• Exercise brief: Find the line containing "MULTI METER, AIR", then print it and each line after it through the end of the listing exactly, with no pictures.

• Task data:
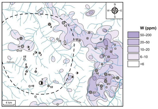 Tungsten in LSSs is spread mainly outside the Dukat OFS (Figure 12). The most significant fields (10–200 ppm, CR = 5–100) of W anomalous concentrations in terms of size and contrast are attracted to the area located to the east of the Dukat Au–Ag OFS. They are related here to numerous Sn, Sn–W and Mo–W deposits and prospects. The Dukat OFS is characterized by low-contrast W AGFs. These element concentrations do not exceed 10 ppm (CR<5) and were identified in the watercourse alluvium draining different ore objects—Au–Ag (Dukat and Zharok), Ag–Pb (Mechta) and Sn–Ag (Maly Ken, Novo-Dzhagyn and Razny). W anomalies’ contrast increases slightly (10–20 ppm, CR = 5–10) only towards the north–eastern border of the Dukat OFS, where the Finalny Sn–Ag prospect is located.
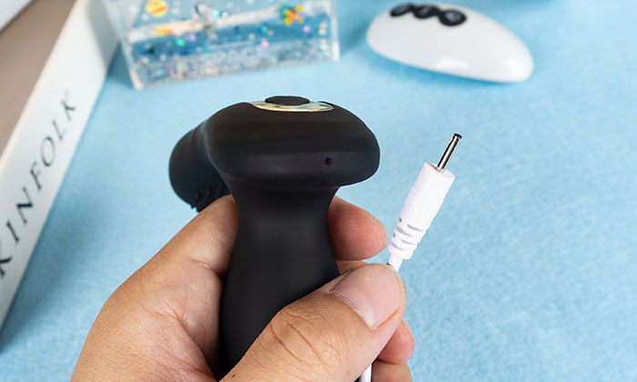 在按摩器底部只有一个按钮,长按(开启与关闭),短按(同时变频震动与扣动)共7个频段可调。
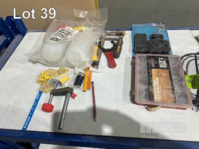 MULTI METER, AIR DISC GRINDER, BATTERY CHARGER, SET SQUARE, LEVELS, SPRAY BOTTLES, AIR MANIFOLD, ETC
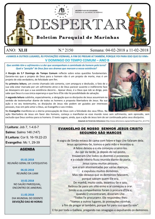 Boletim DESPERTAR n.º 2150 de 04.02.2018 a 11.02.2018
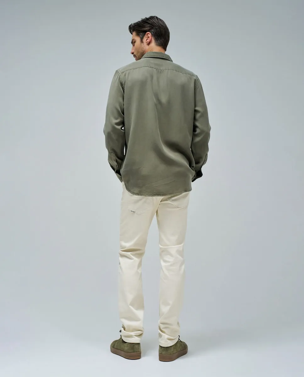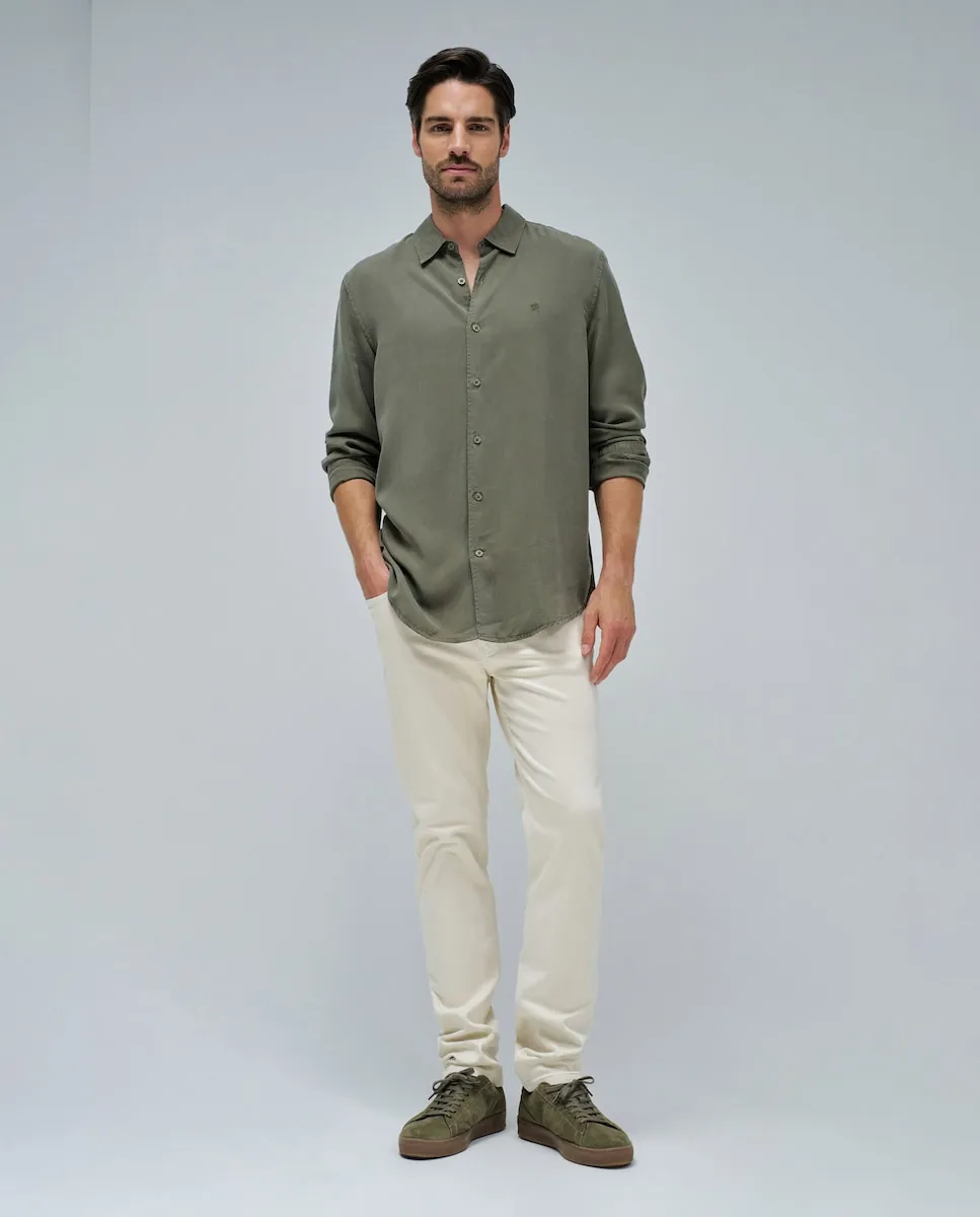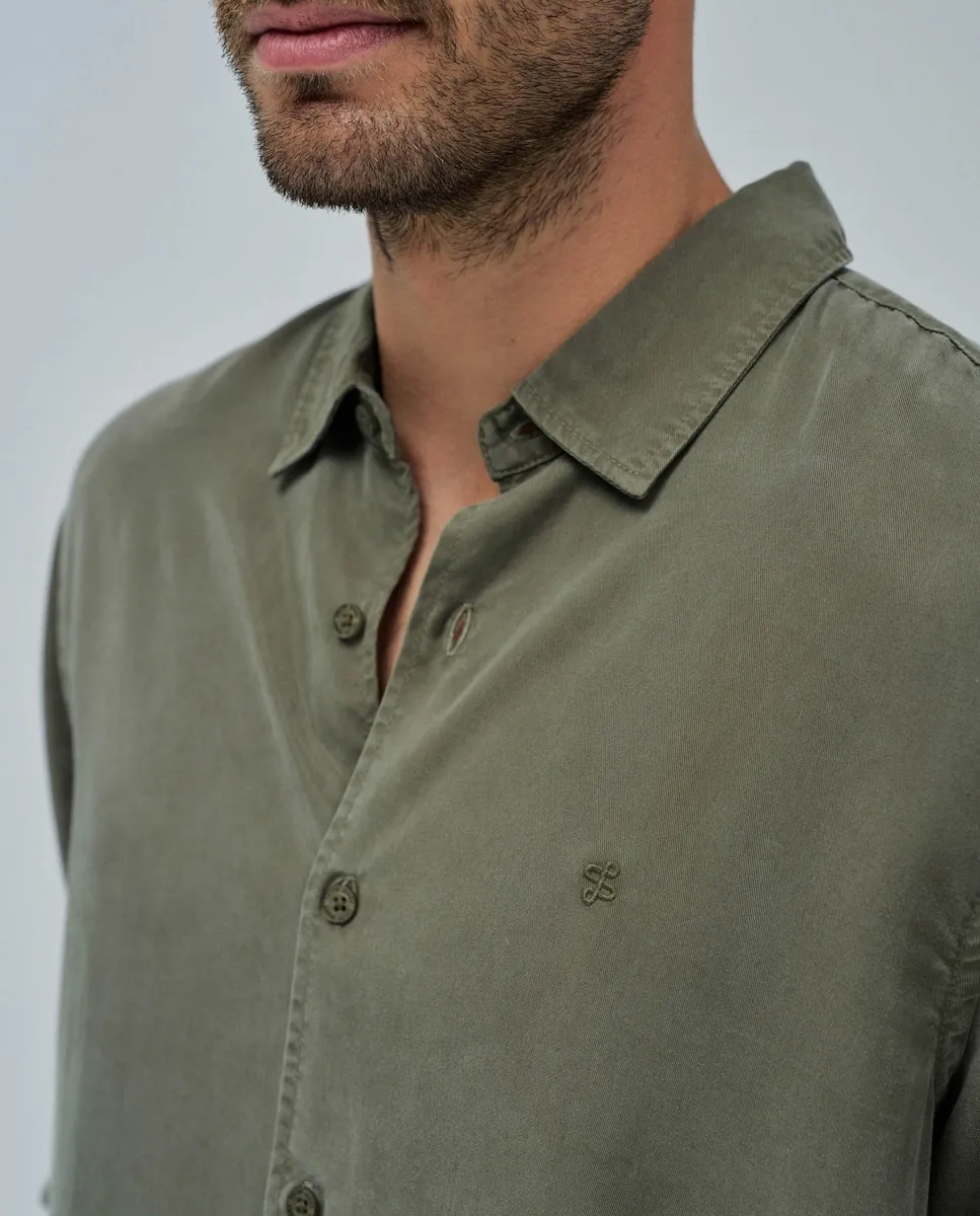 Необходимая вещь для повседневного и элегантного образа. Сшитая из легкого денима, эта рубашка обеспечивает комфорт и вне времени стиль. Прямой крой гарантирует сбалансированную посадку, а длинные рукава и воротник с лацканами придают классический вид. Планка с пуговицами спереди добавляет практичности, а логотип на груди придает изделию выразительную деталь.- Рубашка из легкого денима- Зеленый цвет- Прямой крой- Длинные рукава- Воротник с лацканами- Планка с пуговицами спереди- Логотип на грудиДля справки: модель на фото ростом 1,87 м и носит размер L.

• Output of the task:
 MULTI METER, AIR DISC GRINDER, BATTERY CHARGER, SET SQUARE, LEVELS, SPRAY BOTTLES, AIR MANIFOLD, ETC
 Boletim DESPERTAR n.º 2150 de 04.02.2018 a 11.02.2018
 Необходимая вещь для повседневного и элегантного образа. Сшитая из легкого денима, эта рубашка обеспечивает комфорт и вне времени стиль. Прямой крой гарантирует сбалансированную посадку, а длинные рукава и воротник с лацканами придают классический вид. Планка с пуговицами спереди добавляет практичности, а логотип на груди придает изделию выразительную деталь.- Рубашка из легкого денима- Зеленый цвет- Прямой крой- Длинные рукава- Воротник с лацканами- Планка с пуговицами спереди- Логотип на грудиДля справки: модель на фото ростом 1,87 м и носит размер L.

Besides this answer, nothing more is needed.